News Baumaschinen

Kompatibilität im Fokus – Rototilt und Steelwrist schließen Allianz bei vollhydraulischen Schnellwechslern

Die Nachfrage nach vollhydraulischen Schnellwechslern steigt kontinuierlich, immer mehr Hersteller bieten ihre Lösungen an. Daher gewinnt die Frage nach der Kompatibilität und Austauschbarkeit zwischen verschiedenen Herstellern an Bedeutung. Steelwrist und Rototilt erklären nun gemeinsam ihre Absicht, eine weltweite Kompatibilität und Austauschbarkeit von Anbauwerkzeugen mit integrierten Hydraulikkupplungen auf Basis des Symmetrischen Standards zu verfolgen.

Die Basis dieser Allianz ist der symmetrische S-Schnellwechsler, dem bekannten offenen Industriestandard bei Schnellwechslern, der sich weltweit immer stärker durchsetzt. Das ursprüngliche Ziel des symmetrischen Standards war immer, die herstellerübergreifende Kompatibilität und Austauschbarkeit für Schnellwechsler, Tiltrotatoren, Löffel und Anbauwerkzeuge sicherzustellen. Ein Grund für den Erfolg liegt darin, dass es sich um einen offenen Standard handelt, der nicht von einem Hersteller kontrolliert wird.

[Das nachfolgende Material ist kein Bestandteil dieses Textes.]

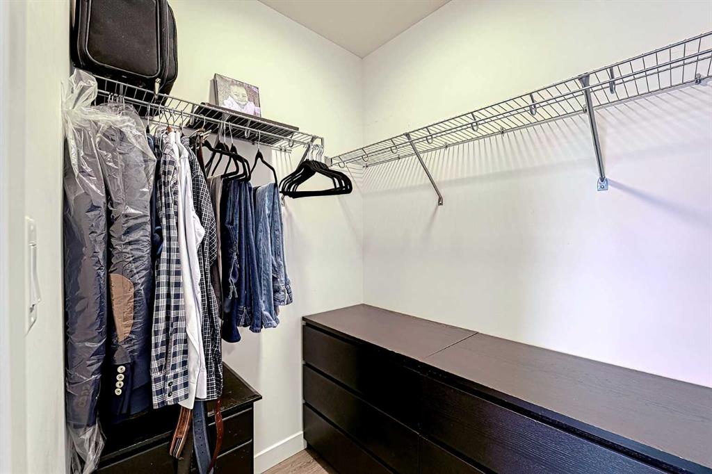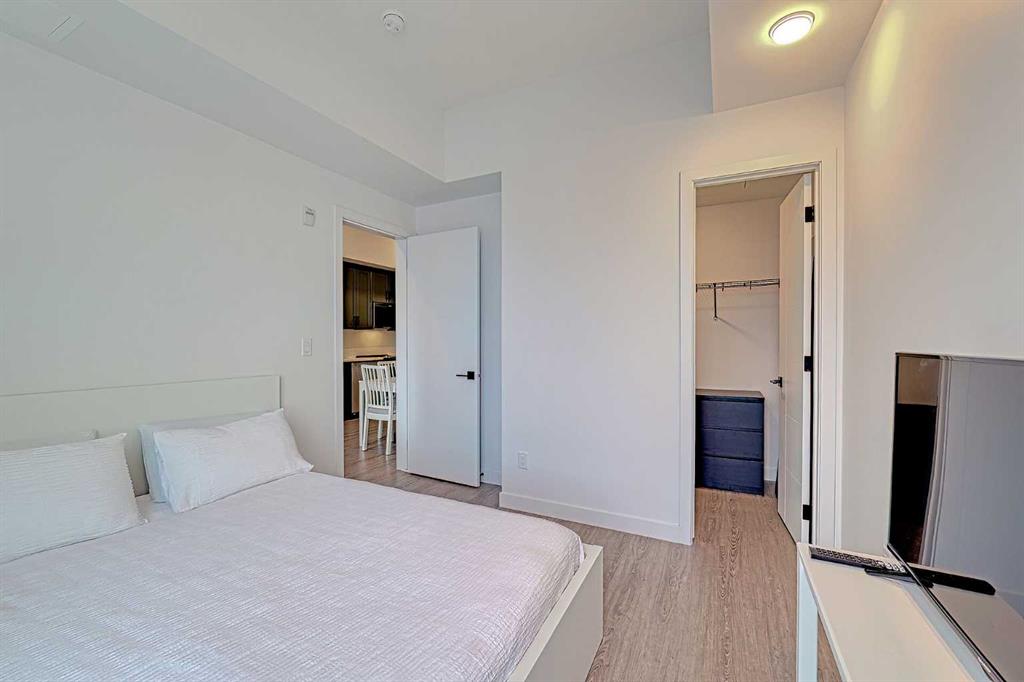 Live in one of Calgary\'s vibrant neighborhoods; UNIVERSITY DISTRICT! Everything you need at your fingertips; Restaurants, Pubs, Entertainment, Shopping Mall, Parks, Hospitals, etc... This clean, like new, TOP FLOOR unit has luxurious interior finishes, 10 ft high ceilings (only available on the top floor), private covered balcony that\'s great for year around use, titled parking stall (#21) located close to the elevator, a storage unit (#141) is just across the hall from the unit\'s door, and a fitness facility on the same floor as the unit. This home\'s open floor plan combines modern style with comfort; ample storage, stainless steal appliances, gorgeous grey cabinetry, beautiful easy to maintain vinyl plank flooring, the list goes on. The spacious bedroom has a large window and a walk-in closet. The 4-piece bathroom boasts a deep tub (upgraded) and large mirror. The in-suite laundry room has stacked washer dryer with space for storage. The patio is welcoming and covered and there is A/C rough-in. Invite your family and friends to enjoy the common terrace with picnic tables and BBQs or use the meeting rooms that are conveniently located on the 2nd floor of the building. This is a premium location for professionals and students in the area. Enjoy the community parks, outdoor skating rink, shops, restaurants, dog park, and so much more. This unit is move in ready! Let\'s make it your new home!
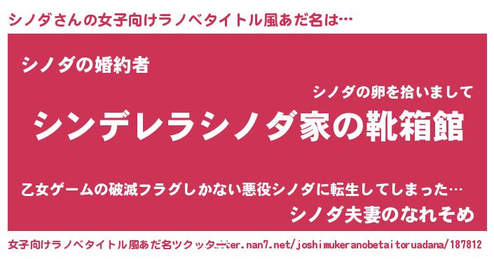 | 男性向けラノベタイトル風あだ名 | 『冴えないシノダの育てかた』 |
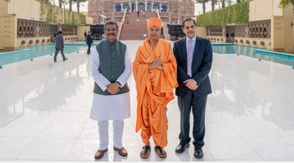 केंद्रीय मंत्री प्रधान ने कहा कि यह मंदिर भारत के शाश्वत मूल्यों सौहार्द, शांति और आध्यात्मिकता का वैश्विक प्रतीक है। उन्होंने इसे न केवल अद्भुत शिल्पकला का नमूना बताया बल्कि असंख्य स्वयंसेवकों और भक्तों की सामूहिक भक्ति व त्याग का प्रतीक भी माना।
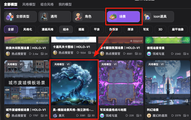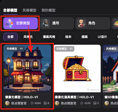 HolopixAI 本身为游戏而生,有很多专门为游戏美术优化的模型,可谓是是指哪儿打哪儿。
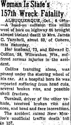 | Death | She died on 3 January 1945 at age ~41 in Albuquerque, Bernalillo, New Mexico, USA.1 |
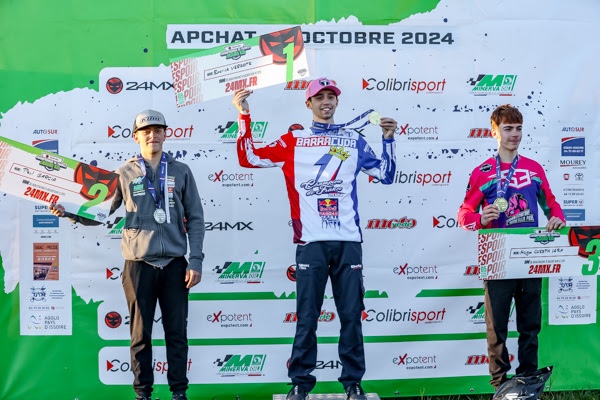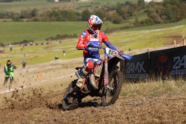 Il est un pilote qui aura marqué de son empreinte l’Enduro Kid ces dernières années. Champion Minime 2021, champion Cadet 85 2022 et Champion Cadet 125 en 2023, Emerick Vergote a completé son tableau de chasse ce samedi en devenant le nouveau champion de France Enduro Kid Espoir. Alors qu’il aurait pu se permettre d’assurer, il a pris tout de suite les commandes de la course pour ne plus les lâcher. Au terme des huit chronos de la journée, il avait accumulé plus d’une minute d’avance sur l’espagnol Hugo Cuesta, second. Une victoire éclatante à l’image de sa saison qui frôle la perfection. Paul Garcia, qui a terminé la journée aux portes du podium, parvient à conserver sa seconde place au général, il est vice-champion. Gaël Chassaing termine lui aussi sur une bonne note avec un nouveau podium, il a prit la troisième place.
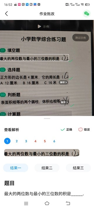 4、稍作等待就能快速批改作业,并且还会针对每道题目给出详细的答案解析
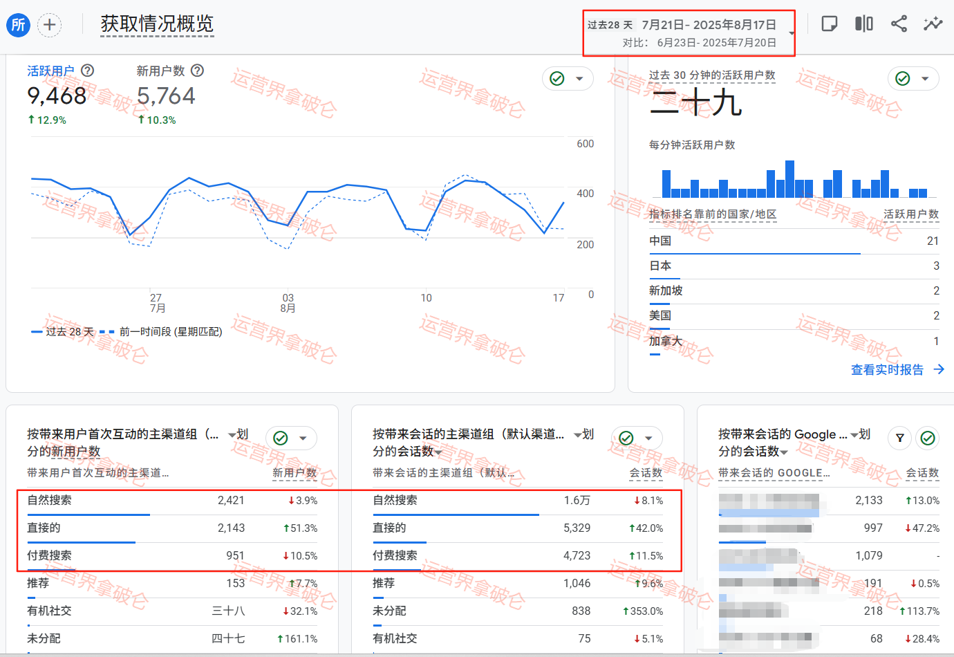 积极增长: 网站整体用户获取呈现强劲增长,活跃用户和新用户都有显著增加。这表明营销和 SEO 策略是有效的。

Orientierung an Symmetrischem Standard

„Bei der Einführung und Erweiterung unserer QuickChange Produktreihe an vollhydraulischen Schnellwechslern war völlig klar, dass wir uns an dem bestehenden symmetrischen Standard orientieren, einem Standard, dem wir bereits seit 20 Jahren folgen“, sagt Anders Jonsson, CEO von Rototilt Group AB. „Die Wechsler sind kompakt, leicht und robust, und mit der Verwendung hydraulischer Kupplungen und einem Elektrostecker wird dieser Wechsler führend sein auf den internationalen Märkten“, so Jonsson weiter.


Die beiden Unternehmen nennen drei Gründe für die Zusammenarbeit: Steigerung der Sicherheit, Flexibilität und Effizienz für Baufirmen, Baggerfahrer und Bauarbeiter, da die Austauschbarkeit von Anbauwerkzeugen zwischen verschiedenen Herstellern gewährleistet ist. Des Weiteren die Etablierung eines wettbewerbsfähigen und offenen Industriestandards, der nicht von einem Hersteller festgelegt und kontrolliert wird. Und schließlich die Schaffung einer kostengünstigen Möglichkeit, um neue und bestehende Anbauwerkzeuge mit Anbauplatten auszurüsten.

Das Ziel der Allianz ist es, offen zu sein für weitere Hersteller, die kompatible Lösungen entwickelt haben. „Wir sehen deutlich die Notwendigkeit für eine solche Allianz, da unsere SQ Schnellwechsler seit der Markteinführung 2017 sehr gut von den Kunden angenommen worden sind. Der wichtigste Grund für die Schaffung dieser Allianz ist, dass die Kunden sich nicht auf ein herstellergebundenes System festlegen müssen, an das sie dann langfristig gebunden sind“, sagt Stefan Stockhaus, CEO von Steelwrist AB.